Montreal — A leader with the radical Jewish group Lev Tahor believes a police raid on the homes of two members Wednesday may have been in search of evidence of illegal child marriages.

The minimum age that someone can marry in Canada is 16 and while Lev Tahor members say that they respect the law, they believe children as young as 13 should be able to marry.

Nachman Helbrans, the son of Rabbi Shlomo Helbrans, the group’s spiritual leader, says he suspects police were looking for original copies of marriage contracts alleged to have involved members below the minimum legal age.

Helbrans told the Star in an email his best guess is that police were trying to verify the authenticity of “unsigned drafts” of marriage contracts that are in the possession of a renegade former member, Adam Brudzewsky.

“The timing may be connected to our advice to the (Children’s Aid Society) that after six months of humiliating investigation of the innocent mothers, boys and girls, it is time to draw (a) conclusion rather than paralyzing the innocent families,” he said.

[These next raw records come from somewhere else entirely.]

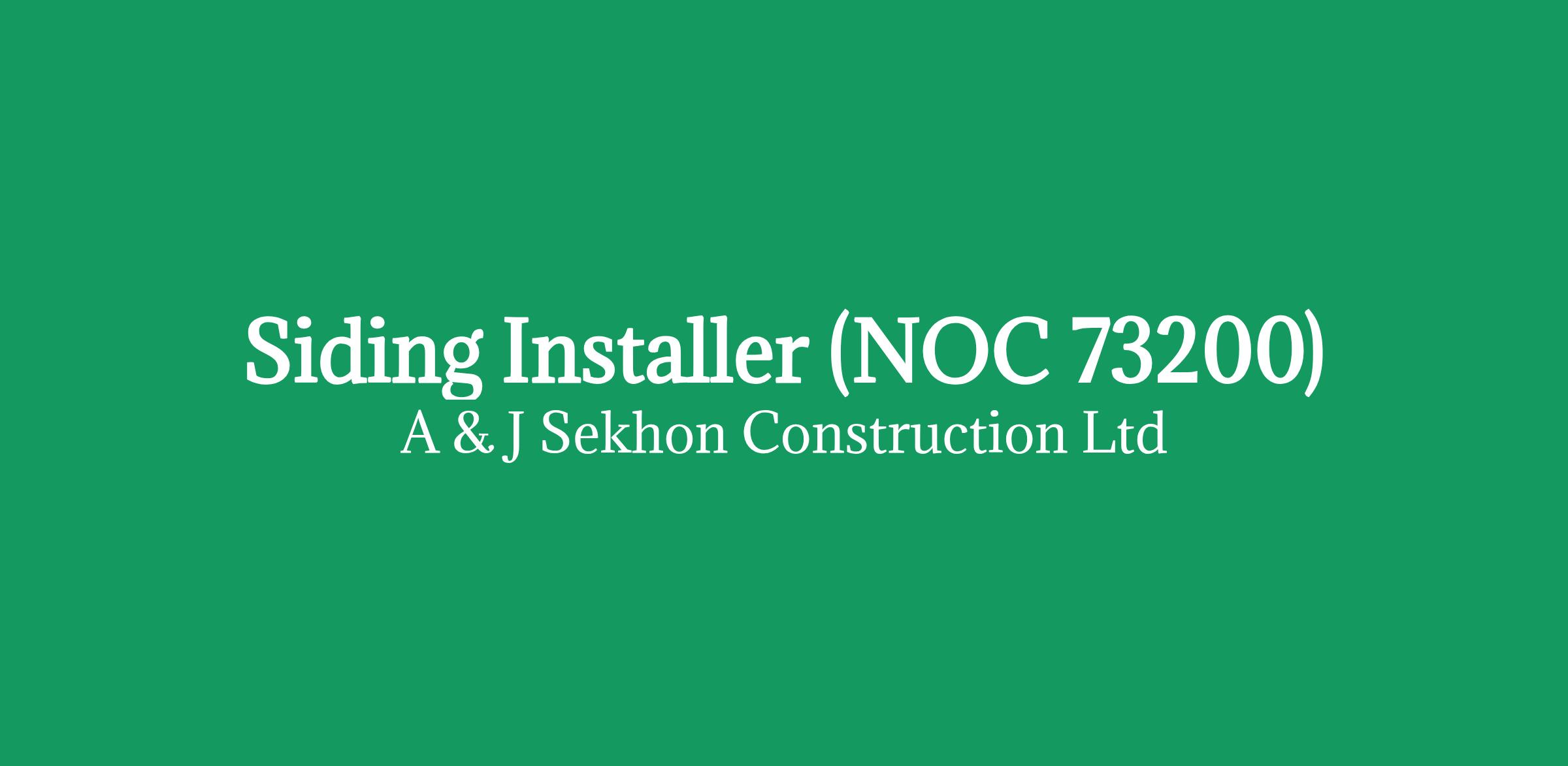 NOC Job Title: Siding Installer (NOC 73200) Company Name: A & J Sekhon Construction Ltd Location: Base at Unit 112, Street, Surrey, BC, Canada, V3W 0M8 Job Type: Full Time, Permanent Salary: $37.00 per hour/ 32 to 40 hours per week Positions Available: 2 Education: Completion of High School Experience: 7 months to 1 year Language: English Start Date of Employment: As soon as possible Work Conditions and Physical Capabilities Fast-paced environment; Physically demanding; Attention to detail; Handling heavy loads; Repetitive tasks Job Description: Install exterior prefabricated products Read blueprints, drawings and specifications to determine work requirements Repair and service exterior prefabricated products Repair and service interior prefabricated products Determine layout and installation procedures Measure and mark guidelines to be used for installations Load and unload trucks with supplies and equipment Utilize hand and power tools Prepare and maintain work materials and supplies How to Apply: Please email your resume along with contact details to or by mail: Unit 112, Street, Surrey, BC, Canada, V3W 0M8
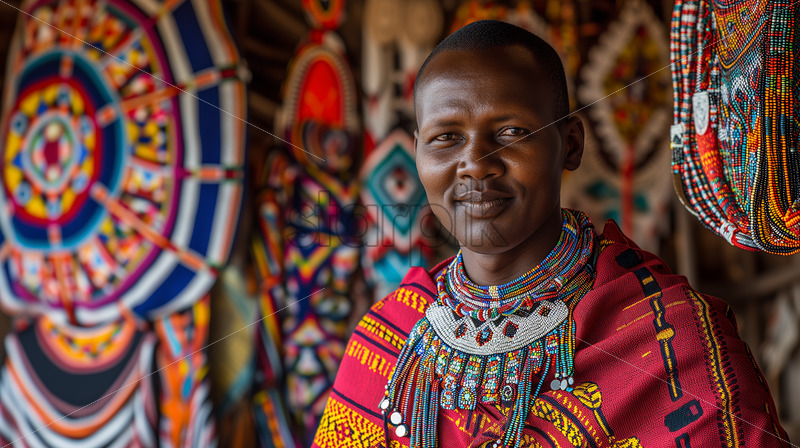 Maasai beadworker surrounded by colorful beadwork and traditional garments in a market or workshop.
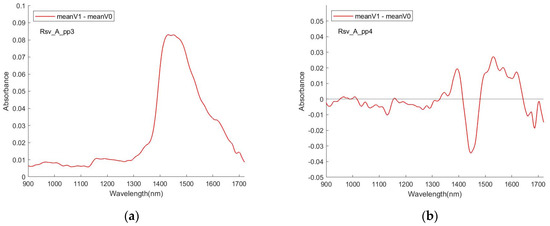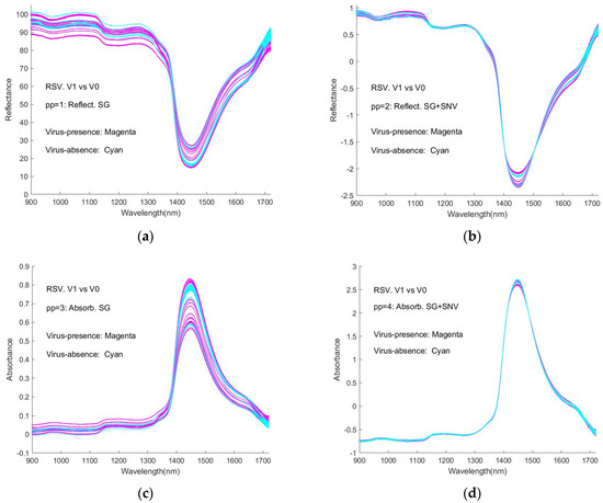 Figure 7a–f (reproduced as Appendix A, Figure A1, Figure A2, Figure A3, Figure A4, Figure A5 and Figure A6) shows the spectra of virus-presence(V1) and virus-absence(V0) RSV samples, having undergone different pre-processing (pp). Figure 7a shows the raw spectral data, as %Reflectance, smoothed with the Savitzky-Golay algorithm (pp1). The process of normalisation (SNV) results in a shifting of the spectral intensity response to positive and negative values (Figure 7b, pp2). In Figure 7c, the (SG) smoothed Reflectance values have been converted to Absorbance (pp3), while in Figure 7d, the spectra have been additionally normalised by SNV (pp4). In Figure 7e, the MSC algorithm has been applied to the smoothed (SG) Absorbance spectra (pp5), while in Figure 7f, these spectra have been further subjected to SNV (pp6) (see note in Section 2.3). It can be seen that the process of SNV significantly reduces the inter-spectral variability, as does the process of MSC. Similar results are observed for the spectral responses of the SNV-processed samples, as shown in Appendix A, Appendix B and Appendix C.
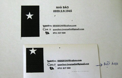 Thời gian qua, trên địa bàn TP. Cần Thơ, ông Huy tự xưng là PV báo Công Lý, sử dụng danh thiếp có in quốc kỳ Việt Nam.
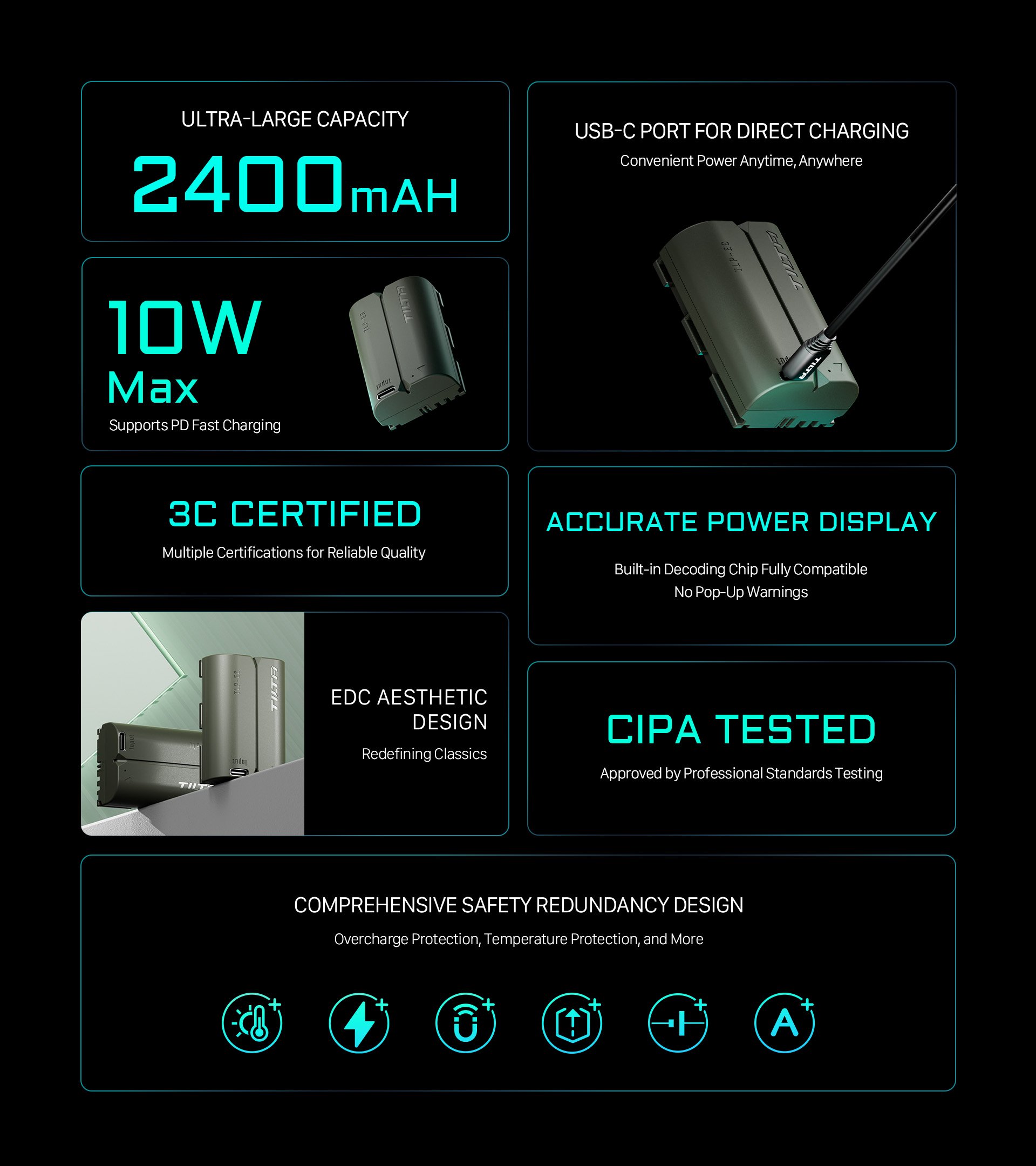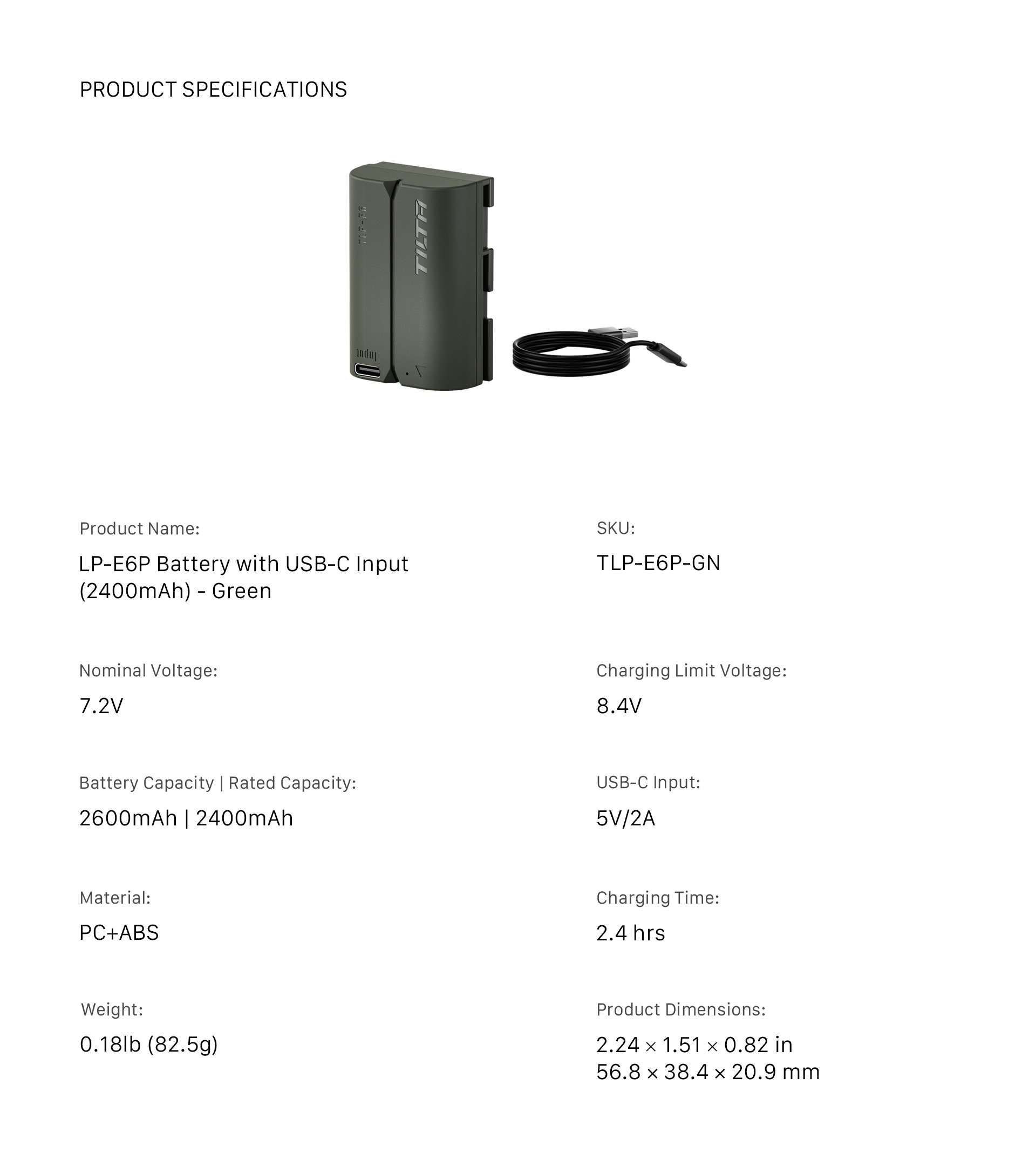 Baterija velikog kapaciteta LP-E6P dizajnirana je za pouzdano i dugotrajno napajanje vašeg fotoaparata, osiguravajući vam dulje snimanje bez prekida. Zahvaljujući inovativnoj baterijskoj ćeliji visoke gustoće energije, ova baterija pruža produljenu izdržljivost, što je čini idealnom za fotografiranje i snimanje videa.
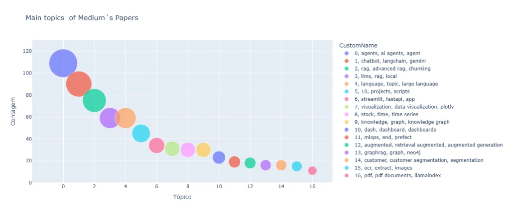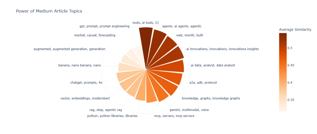 Taking a more detailed look, the topics with the highest average similarity are: (1) chatbots + LangChain + Gemini; (2) language, topic, LLM; (3) projects, scripts; (4) PDF, documents, LlamaIndex; (5) knowledge graphs; (6) AI agents; (7) data visualization; (8) local LLMs, RAG; (9) GraphRAG; and (10) Streamlit, FastAPI, and apps. This shows that, despite some fragmentation, the articles exhibit an implicit consensus around a common “stack,” which can be interpreted as a signal of technological consolidation.
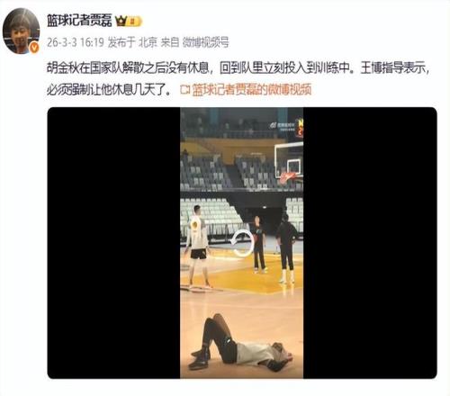 胡金秋回国后,本来可以休息几天(上海国手李弘权就获准长假),但是大秋国家队解散后,马上投入集训。据篮球记者贾磊透露,“胡金秋在国家队解散之后没有休息,回到队里立刻投入到训练中。王博指导表示,必须强制让他休息几天了”。显然勤奋的胡金秋是拒绝了王博的要求,没有休息。从视频看到,胡金秋回到俱乐部后,立刻就训练,有两人陪他训练,如此勤奋,也怪不得他的技术这么好。
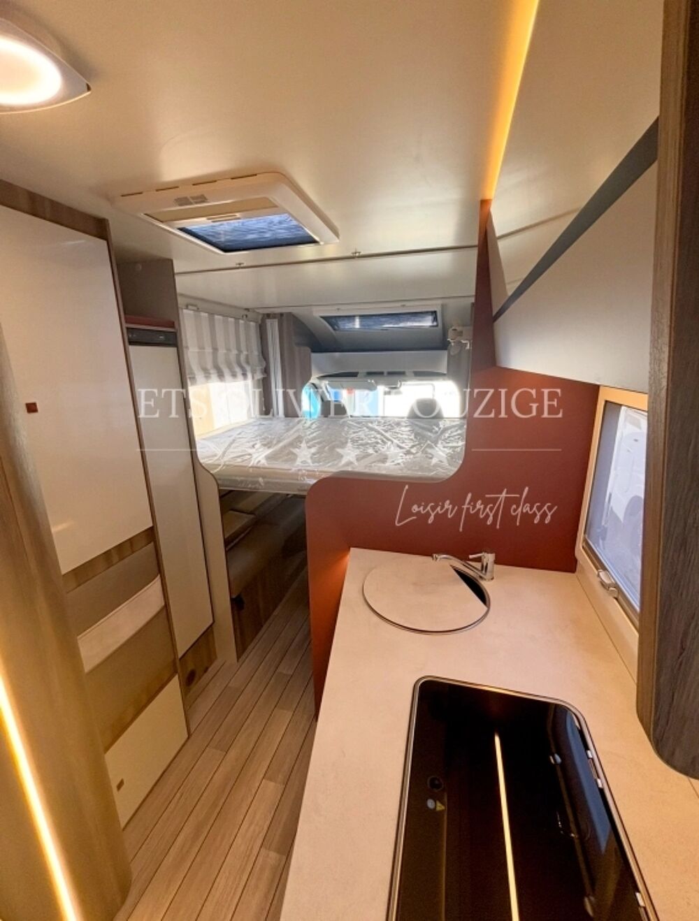 PACK KRONOS FORD 1€Motorisation 165 CVFeux diurnes 'High Series'Boîte à gants avec serrureHabillage intérieur et tableau de bord finition 'Trend'Pare-chocs et bas de caisse latérales peints couleur de la carrosseriePorte XL avec 2 points de fermeture, fenêtre et fermeture centraliséePanneau de contrôle CP plusCouvercle d'évier / planche à découperPanneau solaire 200W avec régulateur MPPTSkyroofStores occultants plissées cabineHousses de siège cabine
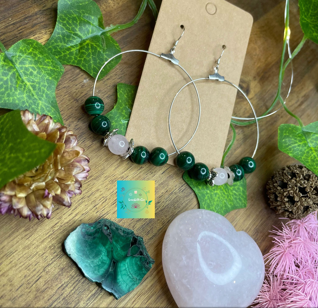 đ Boucles dâoreilles crĂ©oles, en perles Malachite et Quartz rose
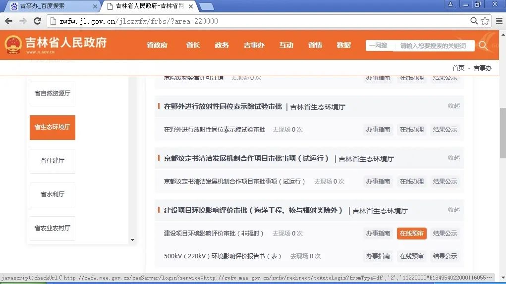 为落实省委、省政府关于统筹做好疫情防控和经济社会发展,在确保疫情安全可控前提下,科学有序推动复工复产的总体要求,进一步做好生态环境涉企审批服务,全力做好企业复工复产环评审批保障工作,4月份,省生态环境厅会同省政数局启动了“吉林省生态环境厅行政审批”电子印章和环评批复电子文书上线准备工作。此项任务涉及各类相关政策多,工作流程节点多,还要在国家环评审批系统、省级全流程审批系统和“吉事办”平台互传、共享数据,工作量巨大。为了使相关功能尽快上线,办事群众尽快享受到高效便捷服务,两个部门密切配合,抽调精干力量加班加点、昼夜奋战,仅用了7天时间,就完成了全部开发工作,实现了上线试运行。目前,该功能已通过相关测试,5月起正式投入实际使用。省级环评审批不仅可在线出具加盖电子印章的环评批复文件,更将批复文件电子版同步至“吉事办”平台。
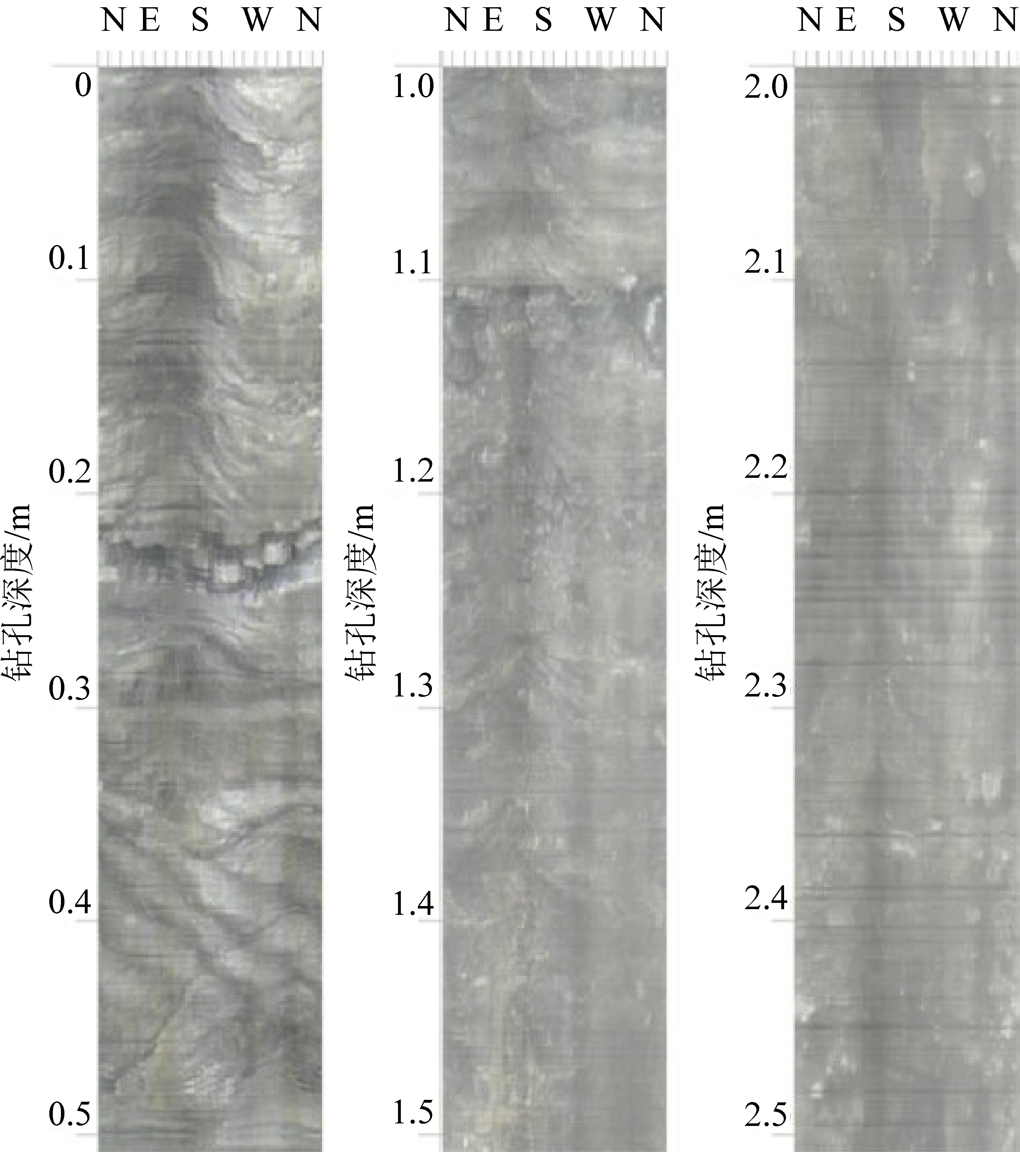 通过2613 回采工作面下平巷掘进工作面顶板锚索钻孔进行围岩结构窥视,孔壁平面展开如图2所示。 钻孔浅部0.2~0.5 m、1.1~1.3 m 范围内局部存在明显张开裂隙、破碎情况,顶板砂岩自然赋存结构完整性一般。
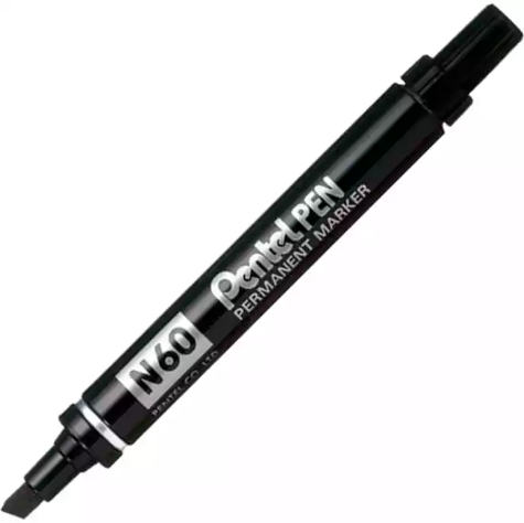 • PENTEL N60 PERMANENT MARKER CHISEL 5.5MM BLACK BOX 12

The search warrants that were obtained by the Sûreté du Québec led the provincial force to the former homes of Lev Tahor members in Sainte-Agathe-des-Monts, Que., as well as to the Chatham-Kent, Ont., homes of Nachman Helbrans and Mayer Rosner. Rosner acts as a director or administrator for Lev Tahor.

Police would not say what they were searching for or what alleged crimes they are investigating, but they are believed to have seized computer equipment and some paper files. A spokesperson for the SQ said the search warrant has been sealed from the public while the investigation runs its course.

Brudzewsky, the former Lev Tahor member, told a Quebec court hearing last November that he had personally witnessed at least seven underage marriages performed when he lived with the group between 2009 and 2011 in Sainte-Agathe-des-Monts, north of Montreal.

That hearing, which resulted in an order permitting child-welfare officials to take 14 Lev Tahor children into foster care, also heard that one of the children, who is now 17 years old and the mother of a young baby, is believed to have been married off at the age of 14 to a man in his 30s who had children from a previous marriage.

Brudzewsky himself was 25 when he married his 15-year-old bride in a ceremony he said was arranged by Rabbi Helbrans.

“It was common when I was there,” Brudzewsky said. “It was the stated goal of the community to perform marriages at the age of 13.”

Nachman Helbrans told the Times of Israel in December that no marriage ceremonies have been conducted in Canada involving children younger than 16. He added some parents have taken their teens to the state of Missouri, where individuals as young as 15 can be married.

He said in his email Thursday: “I will be proud to defend our legal and moral Marriage Policy in any relevant court.”

The first indications of a criminal probe into Lev Tahor’s activities come just days before an Ontario judge is set to rule on whether Ontario child-welfare authorities have the jurisdiction to carry out the Quebec court’s foster-care order.

About 200 members of the group fled Quebec for Ontario in mid-November, saying they objected to a provincial education system that forced them to teach their home-schooled children about such topics as homosexuality and evolutionary theory. The group is now appealing the foster-care ruling on the grounds that the children were no longer residents of Quebec when the judge’s order was made.